Look in the data below for the line that has "Империя, торгово-производственная компания", then print exactly every line from there through the line that has "恩施市第一中學(xué)排水管道改造前后對比。(本報恩施圖片庫 牟發(fā)麗 攝)", leaving pictures out.

BEGIN Records provided

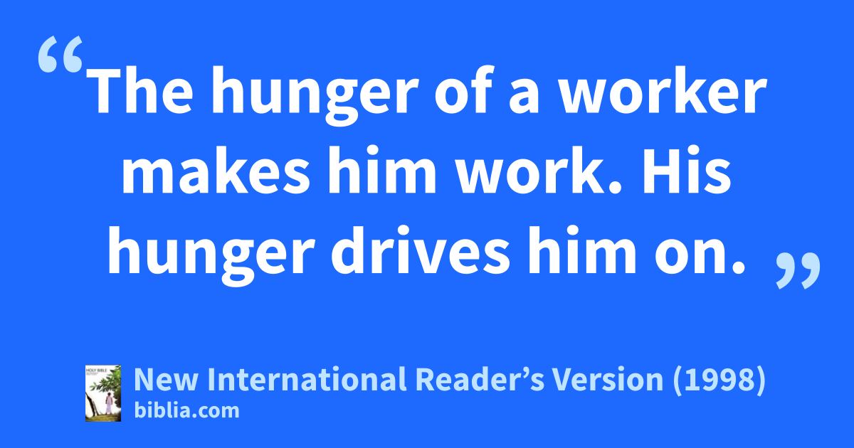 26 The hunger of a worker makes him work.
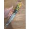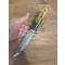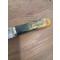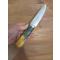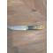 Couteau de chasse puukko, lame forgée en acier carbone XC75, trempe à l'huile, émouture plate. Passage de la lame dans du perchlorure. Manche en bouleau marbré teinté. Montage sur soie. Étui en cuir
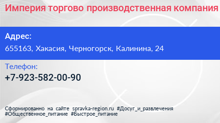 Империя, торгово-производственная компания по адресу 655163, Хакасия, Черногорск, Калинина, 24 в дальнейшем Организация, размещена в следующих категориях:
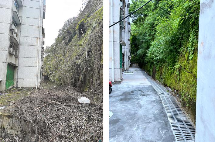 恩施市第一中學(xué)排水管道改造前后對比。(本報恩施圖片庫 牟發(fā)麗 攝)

END Records provided
BEGIN Records provided

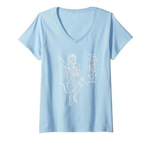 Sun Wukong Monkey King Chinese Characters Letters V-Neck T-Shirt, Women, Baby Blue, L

END Records provided
BEGIN Records provided

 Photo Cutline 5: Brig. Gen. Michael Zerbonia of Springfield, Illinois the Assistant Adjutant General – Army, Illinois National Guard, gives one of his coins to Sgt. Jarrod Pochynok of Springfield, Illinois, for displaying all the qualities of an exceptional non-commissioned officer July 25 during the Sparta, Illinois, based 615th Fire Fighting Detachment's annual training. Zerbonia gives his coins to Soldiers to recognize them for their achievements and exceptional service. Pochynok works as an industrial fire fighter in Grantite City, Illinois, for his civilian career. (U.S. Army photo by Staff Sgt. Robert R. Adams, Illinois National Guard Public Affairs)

END Records provided

### Exercise answer
 Империя, торгово-производственная компания по адресу 655163, Хакасия, Черногорск, Калинина, 24 в дальнейшем Организация, размещена в следующих категориях:
 恩施市第一中學(xué)排水管道改造前后對比。(本報恩施圖片庫 牟發(fā)麗 攝)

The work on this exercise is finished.